A collection of interchangeable classes that notify you when a given file or folder changes. You can register for notifications, or register as a delegate.
UKKQueue - Uses the Unix kqueue mechanism in the background. This gives the most immediate change notifications, whether your application is in the foreground or background. However, it also is the most low-level and requires your application to be running or it will miss changes. Also, as safe-saves in modern Cocoa apps generally work by writing to a new file, then deleting the old file and giving the new one the original's name, it may report files as deleted that have just been saved, forcing you to unregister and re-register for change notifications.

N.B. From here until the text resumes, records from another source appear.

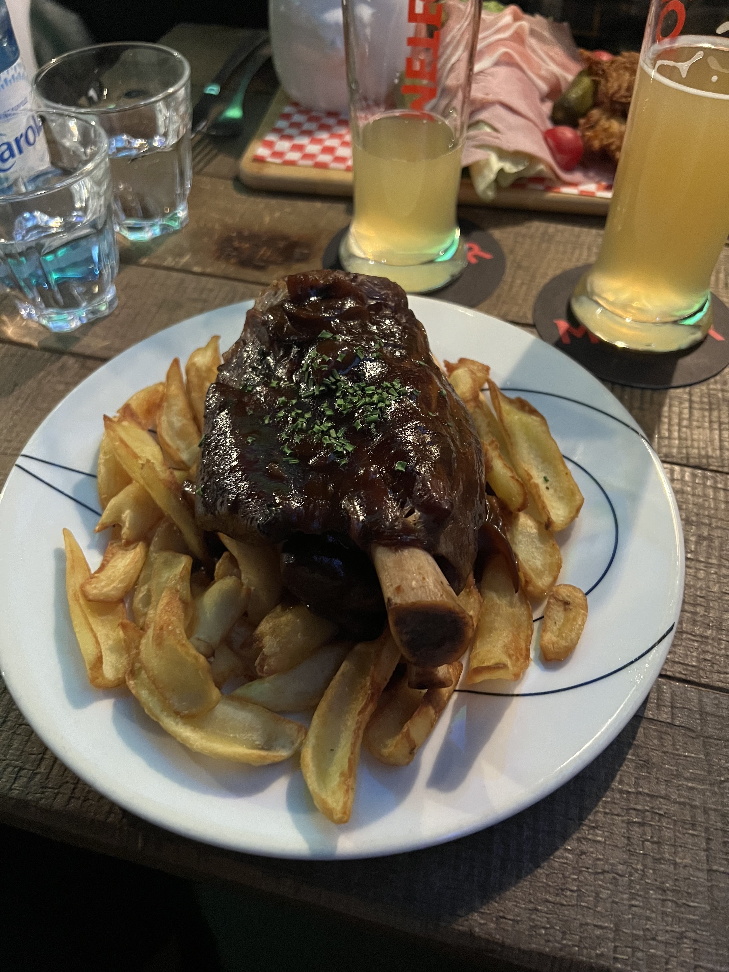 Je ne suis pas habitué au service français, donc c'est probablement plus une question de moi. Il est très lent d'obtenir des boissons supplémentaires. Le personnel est sympathique et prend une éternité pour revenir si vous voulez plus de boissons/nourriture. Maintenant, la nourriture - des portions incroyables et très bonnes ! Le jarret de porc, ou quel que soit son nom, était si énorme qu'il nous a fallu trois pour le manger ! Ça vaut vraiment le coup. Les bières sont solides - assez simples à déguster mais ne vous épateront pas !! Dans l'ensemble, ce n'est pas un mauvais endroit.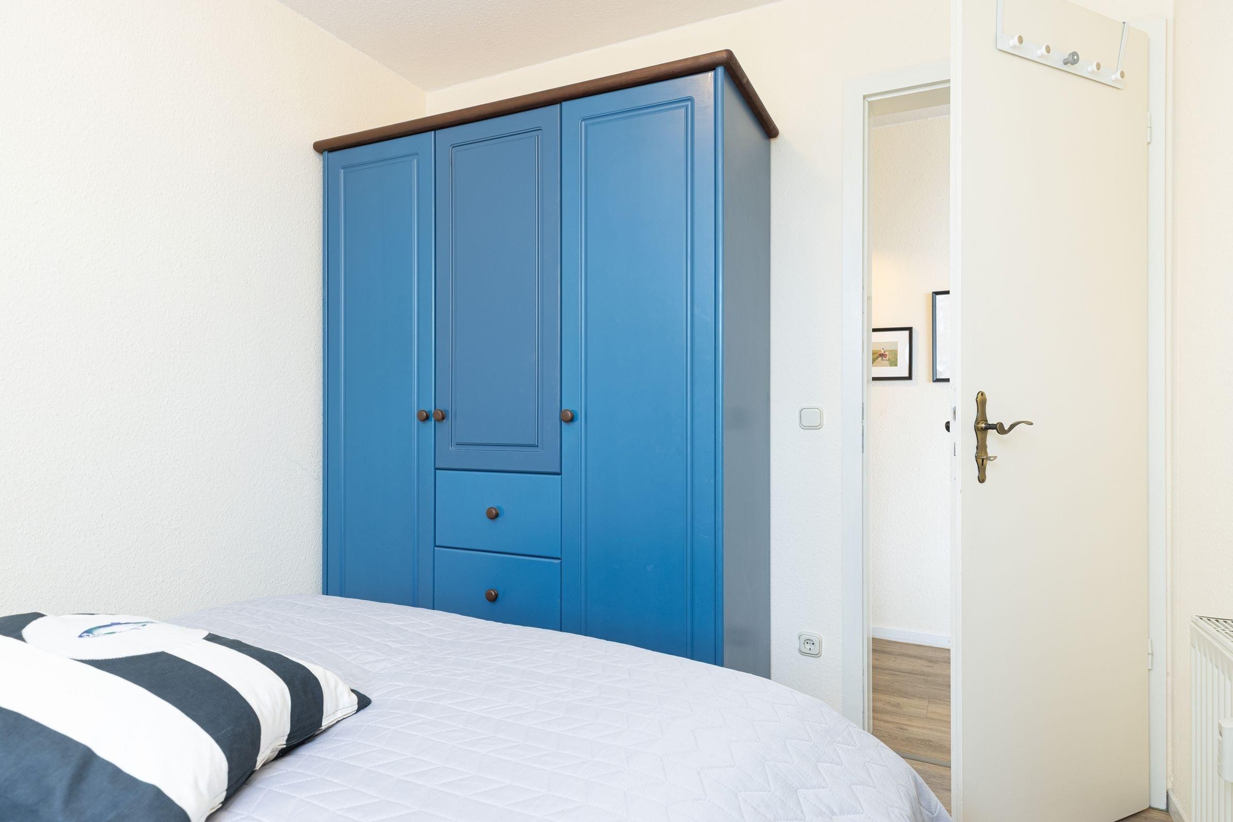 Das maritim eingerichtete Wohnzimmer empfängt Sie mit seinem fantastischen Blick und freie Sicht auf wilde Wellen und weiße Gischt. Ein Kaminofen sorgt für wohlige Wärme und gute Atmosphäre. Gemütliche Sitzgelegenheiten laden nach langen Strandspaziergängen zum Relaxen ein. Das Sofa bietet am Abend für zwei Personen Platz zum Schlafen. Ein Flat-TV, ein DVD- und CD-Player sorgen hier für Unterhaltung. Von hier aus gelangen Sie auf den Balkon. Der erste Kaffee am Morgen, Ihre Tageszeitung zur Hand und Salz in der Luft. Die separate Küche erlaubt mit Ihrem 4-Platten-Ceranfeld, einer Mikrowelle und einem großen Kühlschrank auch das Zubereiten von größeren Speisen. Das süße Schlafzimmer ist mit einem 160x200cm großen Doppelbett (1 Matratze) und einem Kleiderschrank für Ihre Urlaubsgarderobe ausgestattet. Das Duschbad ist hell, freundlich-frisch.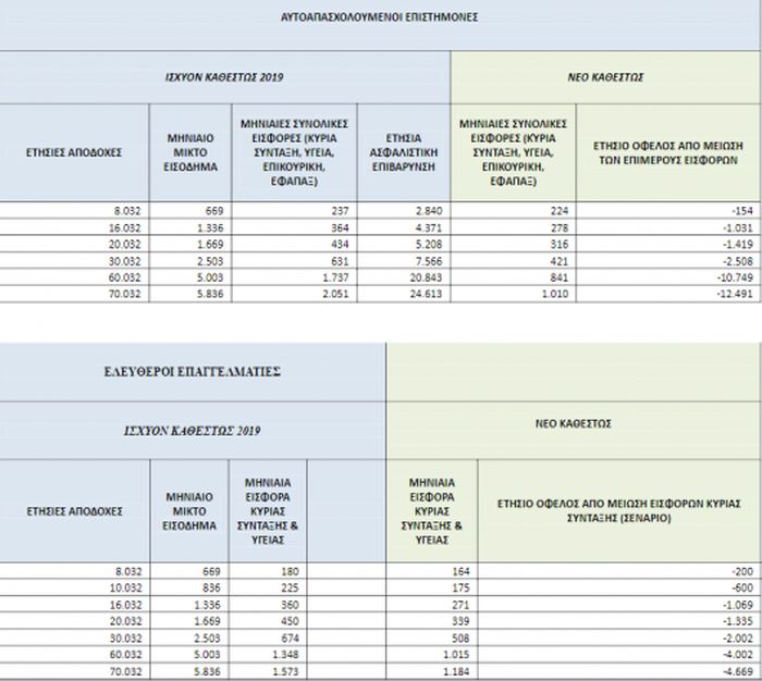 2) Μείωση ασφαλιστικών εισφορών ελεύθερων επαγγελματιών με εισόδημα από 7.000 ευρώ και πάνω έως 35% από 1/1/19. Αντίστοιχη μείωση έως και 35% θα ισχύει και για τους αγρότες. Παράλληλα, μειώνονται οι εισφορές για επικουρική σύνταξη και εφάπαξ γιατρών, δικηγόρων, μηχανικών στο ελάχιστο που ισχύει σήμερα, δηλαδή 64,5 ευρώ/μήνα.

UKFSEventsWatcher - Uses FSEvents under the hood. This is the same mechanism as Spotlight and Time Machine use. It can remember changes across restarts, but will sometimes report a large number of changes in the same folder as a vague "something in this folder changed". It is geared towards watching when folder contents change, but that luckily includes changes to those files' contents.
UKFNSubscribeFileWatcher - This is the mechanism the Finder used for a long time. It is the least resource-intensive as it coalesces updates that happen while your application is in the background, or repeated updates to the same file. It was deprecated in Mac OS X 10.8.
UKFileWatcher - A protocol that all the above classes conform to, allowing you to try each of them out easily and pick the one you like most.